Tuesday, 12 August 2025

Orlam

Wyrd Britain reviews 'Orlam' by P.J. Harvey.
P.J. Harvey
Picador Poetry

Nine-year-old Ira-Abel Rawles lives on Hook Farm in the village of UNDERWHELEM. Next to the farm is Gore Woods, Ira’s sanctuary, overseen by Orlam, the all-seeing lamb’s eyeball who is Ira-Abel’s guardian and protector.

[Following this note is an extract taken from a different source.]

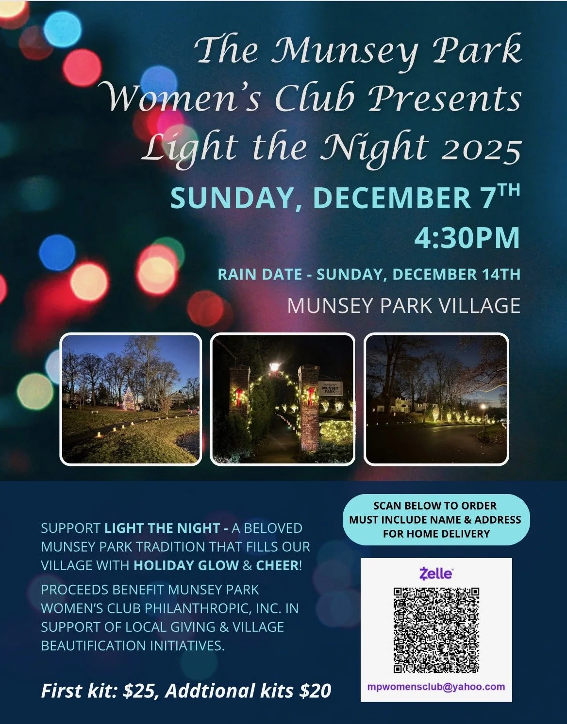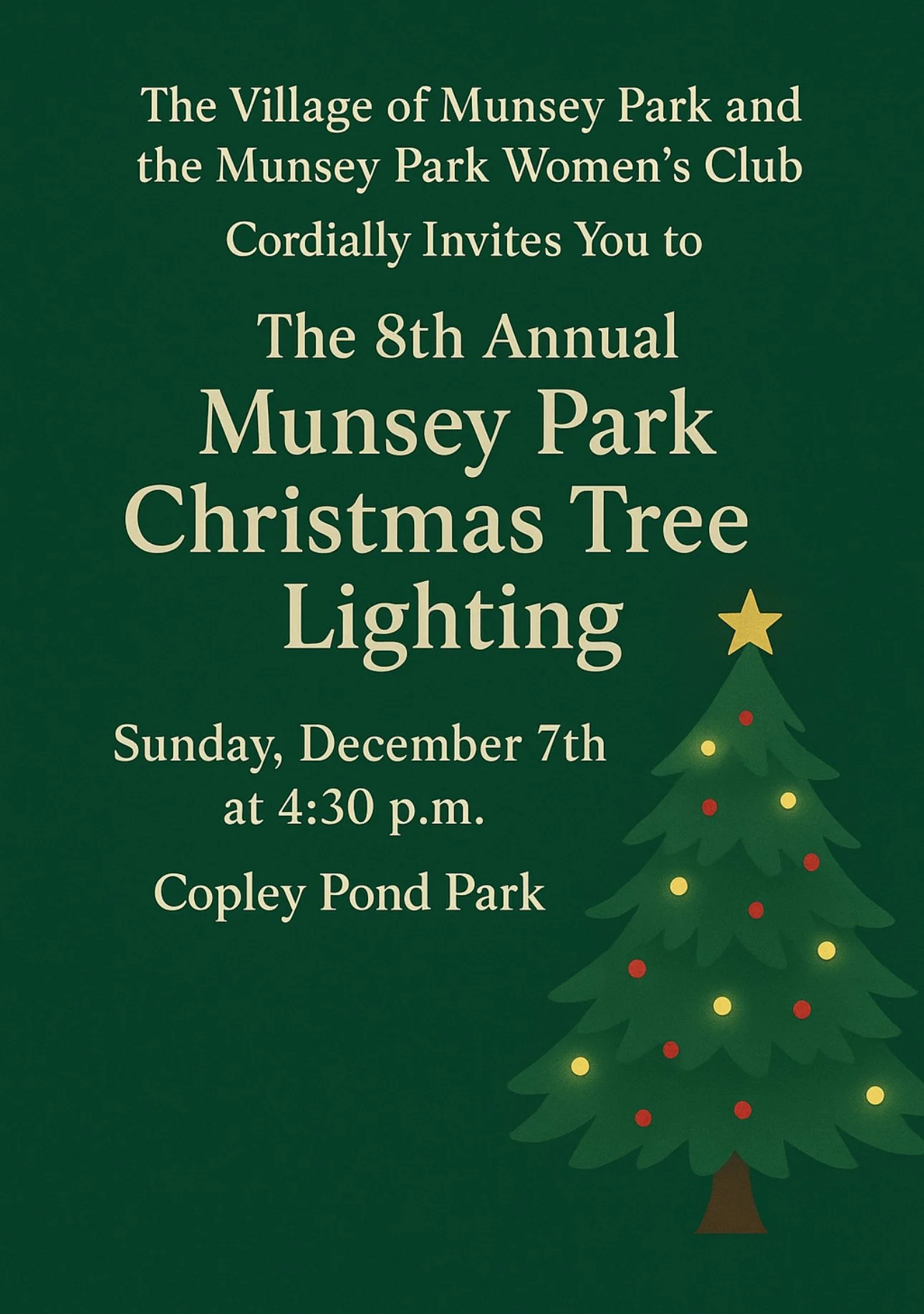 The Village of Munsey Park and the Munsey Park Women's Club cordially invite you to the Annual Christmas Tree Lighting and the MPWC's beloved tradition of Light the Night, December 7th at 4:30 p.m. in Copley Pond Park. The tree lighting and a visit by a special guest will occur RAIN or SHINE promptly at 5:00 p.m. In the event of inclement weather, however, Light the Night will occur on Sunday, December 14th at 4:30 p.m.

Here, drawing on the rituals, children’s songs, chants and superstitions of the rural West Country of England, Ira-Abel creates the twin realm through which she can make sense of an increasingly confusing and frightening world.

Orlam tells of a year in the life of Ira-Abel Rawles and her home of Hook Farm in the village of Underwhelem.  In the nearby Gore Woods Ira meets her own personal deity, the bleeding ghost of a soldier callled Wyman-Elvis, and finds sanctuary in her own ritual world.

Written in Harvey's native Dorset dialect - crucially with each poem also presented alongside it's modern English translation - this is a bold and bedevilling journey through a deliciously dark melange of the magical logic of chidhood and its associated rituals along with the often dark realities of growing up, of life on the cusp of adulthood, all fed through the filter of an early post-modern  1970s rural childhood where the familiar, the exotic, the profane and the perverse all come together into a dark and delirious masterpiece of rural horror.